### WHAT IS BEING ASKED
Begin at the line containing "- Bhaya, W.;" in the records below, end at the line containing "出雲に降ったスサノオは、8つ", and retype each line in that span exactly. No other line and no image should appear.

### PROVIDED ENTRIES

★ ★ ★ ★

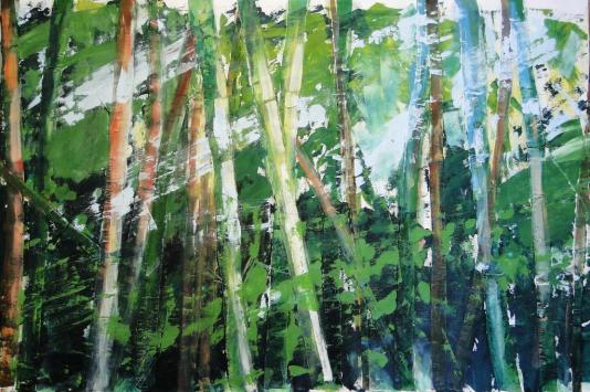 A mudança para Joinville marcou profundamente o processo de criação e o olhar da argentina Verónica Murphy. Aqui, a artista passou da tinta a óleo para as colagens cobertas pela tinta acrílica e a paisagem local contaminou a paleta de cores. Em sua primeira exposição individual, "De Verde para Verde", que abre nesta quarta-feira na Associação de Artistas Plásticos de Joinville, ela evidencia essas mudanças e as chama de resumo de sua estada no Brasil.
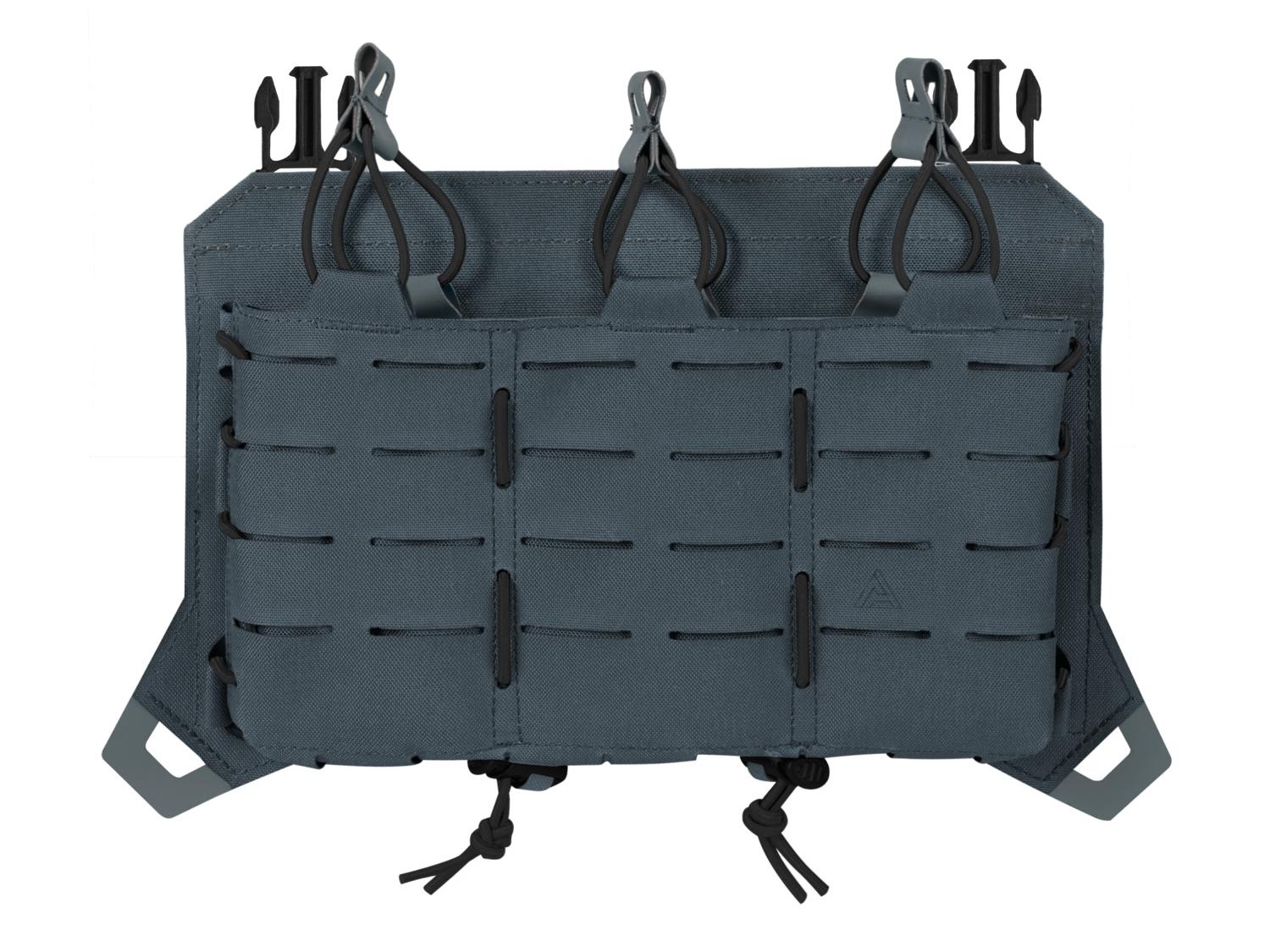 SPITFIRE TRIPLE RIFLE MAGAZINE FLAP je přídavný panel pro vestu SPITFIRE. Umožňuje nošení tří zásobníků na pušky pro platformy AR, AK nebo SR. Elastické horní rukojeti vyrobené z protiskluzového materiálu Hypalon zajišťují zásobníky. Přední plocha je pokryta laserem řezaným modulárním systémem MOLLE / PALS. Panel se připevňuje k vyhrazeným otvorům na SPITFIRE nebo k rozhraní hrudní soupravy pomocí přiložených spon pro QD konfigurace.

★ ★ ★ ★

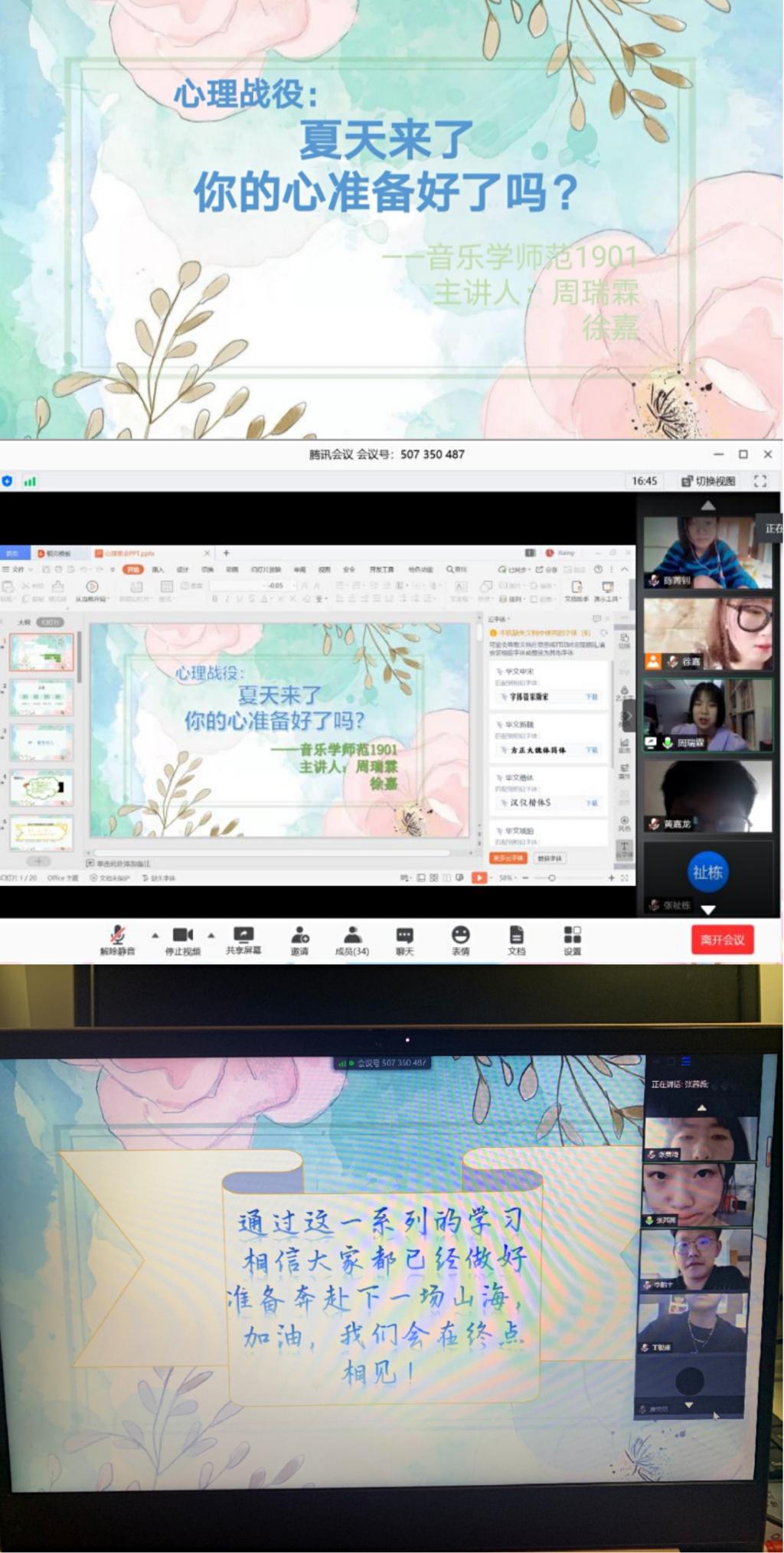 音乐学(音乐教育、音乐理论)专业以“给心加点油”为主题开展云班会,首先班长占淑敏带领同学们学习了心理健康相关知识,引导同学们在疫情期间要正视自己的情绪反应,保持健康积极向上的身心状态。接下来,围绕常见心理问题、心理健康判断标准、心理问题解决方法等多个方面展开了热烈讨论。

★ ★ ★ ★

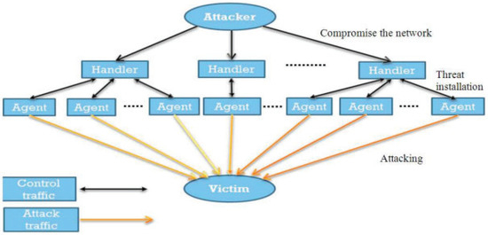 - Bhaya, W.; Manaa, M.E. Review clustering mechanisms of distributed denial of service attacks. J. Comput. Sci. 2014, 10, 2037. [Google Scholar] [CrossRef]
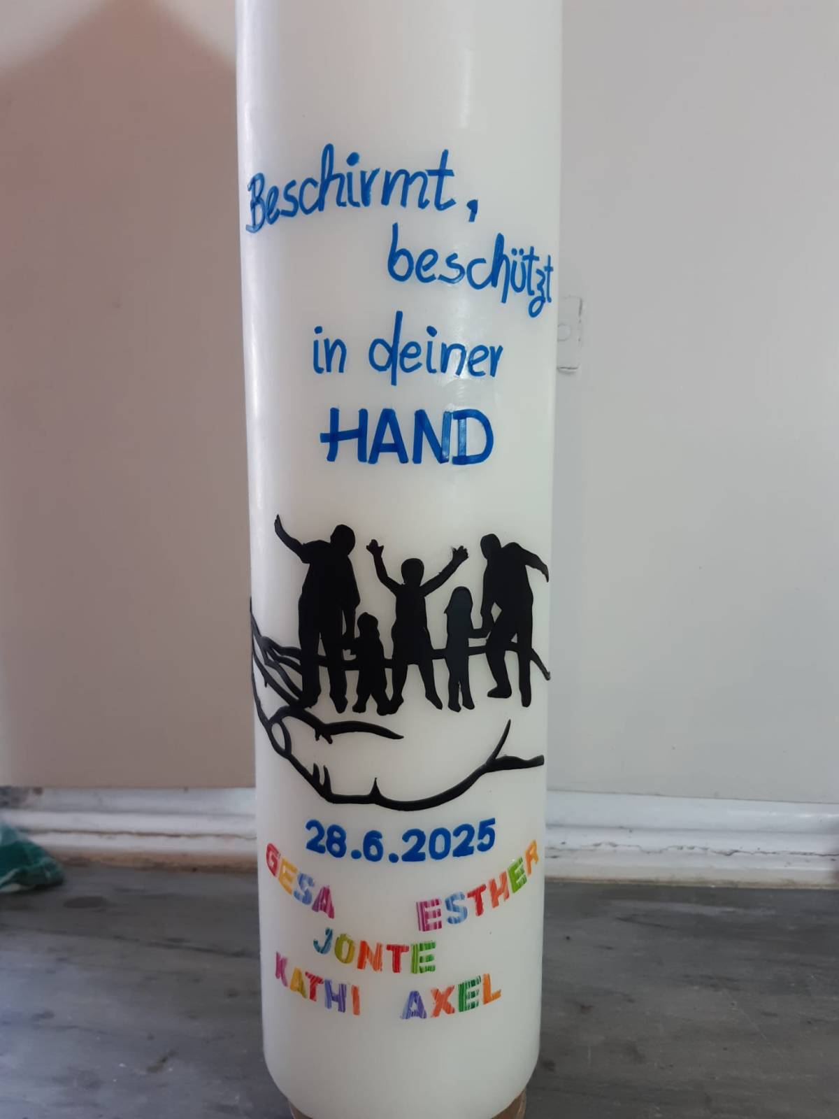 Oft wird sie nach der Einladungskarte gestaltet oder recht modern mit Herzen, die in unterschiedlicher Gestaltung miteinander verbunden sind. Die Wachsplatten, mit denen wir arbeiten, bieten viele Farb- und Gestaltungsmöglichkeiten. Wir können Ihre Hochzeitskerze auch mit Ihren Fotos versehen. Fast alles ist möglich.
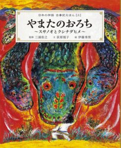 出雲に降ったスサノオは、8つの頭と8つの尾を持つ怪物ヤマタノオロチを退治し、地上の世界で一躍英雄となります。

★ ★ ★ ★

### ANSWER TO THIS TASK
 - Bhaya, W.; Manaa, M.E. Review clustering mechanisms of distributed denial of service attacks. J. Comput. Sci. 2014, 10, 2037. [Google Scholar] [CrossRef]
 Oft wird sie nach der Einladungskarte gestaltet oder recht modern mit Herzen, die in unterschiedlicher Gestaltung miteinander verbunden sind. Die Wachsplatten, mit denen wir arbeiten, bieten viele Farb- und Gestaltungsmöglichkeiten. Wir können Ihre Hochzeitskerze auch mit Ihren Fotos versehen. Fast alles ist möglich.
 出雲に降ったスサノオは、8つの頭と8つの尾を持つ怪物ヤマタノオロチを退治し、地上の世界で一躍英雄となります。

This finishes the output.